30 Days of Nano: Day Twenty Eight

Woke up, fell out of bed, dragged a comb across my head… and decided this twenty-eighth post of my 30 day challenge would be about ageing.

And then, because I’m in the magic zone where synchronicity just happens, I read an interview with novelist Marilynne Robinson while drinking my morning tea and, abracadabra, these words appeared on the end of my wand:

ROBINSON

I have a sense of urgency about what I want to get done and I discipline myself by keeping to myself. It’s a nice opportunity to be able to know these people, but I have to do other things, which take hours, days, weeks.

INTERVIEWER

Have you always felt that urgency or is this something new?

ROBINSON

It’s a little new.
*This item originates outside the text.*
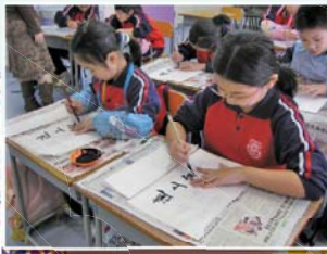
靜心專注寫書法，一手好字悠然生。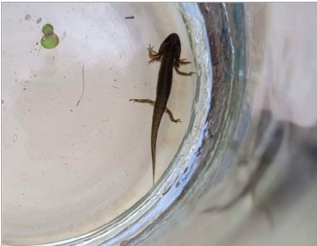
Abbildung 18: Teichmolchlarve

Years ago, I was younger than I am now.

You can read the full article here (which appeared, in 2008, in the Paris Review: and why, when I’m reading the Paris Review, do I always glance down at my clothes, and my choice of beverage, and the shabby chair I’m sitting on, with the airy disdain of a Parisian waiter and remember all over again that I’ll never be truly cool?).

But I digress…

Years ago, I was younger too.

I had the heartwarming experience yesterday of bumping into an old work mate, and being told I looked younger than ever – ‘like a schoolgirl’! (It was a dark street.) Perhaps, with some vaseline on the camera lens, I could just about pass as a schoolgirl of the Grease variety, where Rydell High was patently populated by students pushing thirty, but, no, I am not a schoolgirl and do not look like one. Even though I do wear bunches sometimes. And my management of my finances is positively schoolgirl-ian in its consistent focus on instant gratification.

Perhaps do something clever with soft-focus lenses, a la Joan Collins in a 1967 episode of Star Trek. (William Shatner's focus was warts-n-all sharp as a tack.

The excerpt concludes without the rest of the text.